Janice has one (had one? Did you ever find it after it went walkabout, J?) and was always super positive about it.


----------



## Janice (Jan 13, 2009)

Had one, but left it on a plane. Yeah, I know. It was a great investment that I never doubted once I read my first book on it. Will be swallowing the price tag again when they are back in stock. Also I gander at craigslist once a week or so in case I can find a used one. I think the second generation Kindle's aren't too far away either. So I haven't minded them being sold out 'cause I would kick myself for buying a first gen right before the new ones come out.


----------



## SuSana (Jan 14, 2009)

Second gen. huh, I might wait a bit then.  Thanks for the info!  
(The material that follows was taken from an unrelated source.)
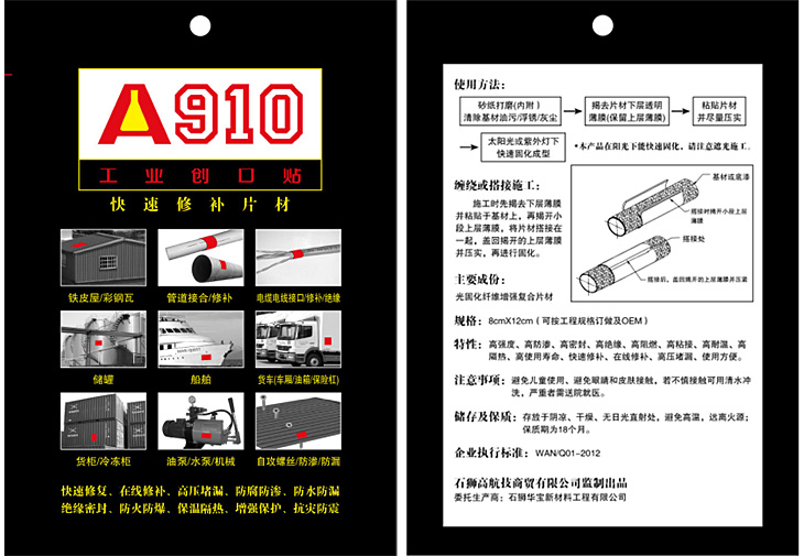 產品名稱:工業創口貼A910快速修補片材

Left on a plane though --->


----------



## Janice (Jan 14, 2009)

Yeah tell me about it. I cried (whined) about it for a month straight.


----------



## KristyVictoria (Jan 14, 2009)

I'm waiting for the pricetag to drop a little bit, but I think I will be getting one as a gift for my mother, who is one of the most voracious readers I have ever met.


----------



## MAC_Whore (Jan 14, 2009)

Don't you miss that warm cuddly feeling of a paper book?  I think I would.


----------



## KristyVictoria (Jan 14, 2009)

Quote:

   Originally Posted by *MAC_Whore* 

 
_Don't you miss that warm cuddly feeling of a paper book?  I think I would._

 
I guess I would if I was reading Great Expectations, but when you're citing a 500 or 600 page reference it's SO much easier to find things instead of flipping through hundreds of pages. Especially for textbooks, or scholarly works which cite other publications - that way you can easily access source material without having to get up, look up an author, find where the article was published, who has archives of that journal, and then go dig it up.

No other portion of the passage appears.